What the task requires:
In the records below, find the line that contains "Oat Flour, Duck, Blueberries, Ground" and the line that contains "折り紙みたいにアイロンで形付けまして。角を縫う小さな工夫です。"; write out exactly those two lines and everything between them, without the pictures.

Input material:
Segment Open
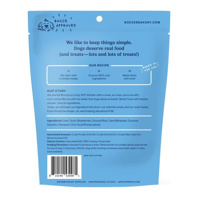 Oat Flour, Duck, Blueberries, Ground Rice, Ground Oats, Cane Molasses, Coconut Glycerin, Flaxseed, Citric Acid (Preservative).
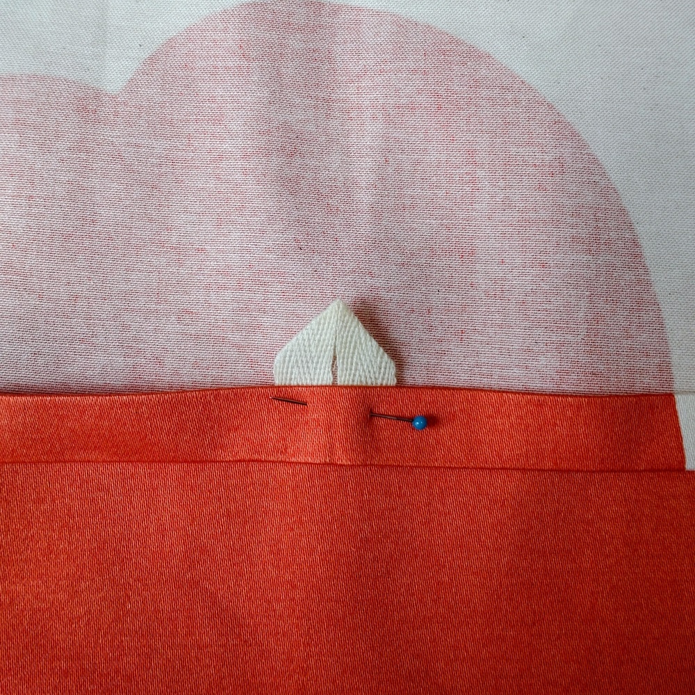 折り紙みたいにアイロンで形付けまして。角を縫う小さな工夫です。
Segment Closed
Segment Open
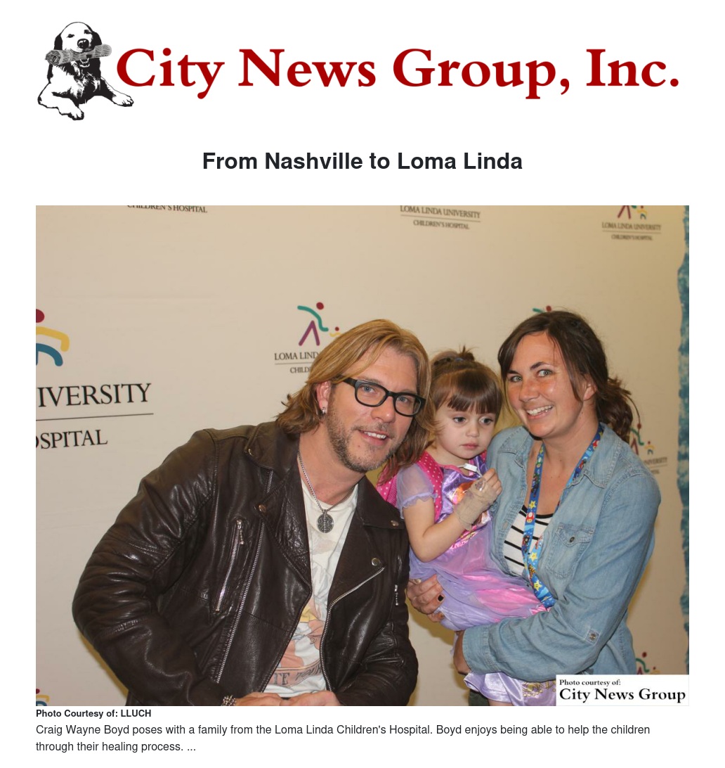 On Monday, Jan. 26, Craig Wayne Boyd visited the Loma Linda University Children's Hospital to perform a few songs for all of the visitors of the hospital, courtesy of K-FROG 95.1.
Segment Closed
Segment Open
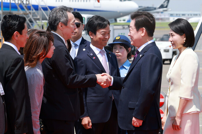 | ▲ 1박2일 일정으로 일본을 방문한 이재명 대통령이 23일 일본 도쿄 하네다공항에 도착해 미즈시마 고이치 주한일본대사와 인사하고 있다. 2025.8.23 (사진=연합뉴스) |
Segment Closed
Problem solution:
 Oat Flour, Duck, Blueberries, Ground Rice, Ground Oats, Cane Molasses, Coconut Glycerin, Flaxseed, Citric Acid (Preservative).
 折り紙みたいにアイロンで形付けまして。角を縫う小さな工夫です。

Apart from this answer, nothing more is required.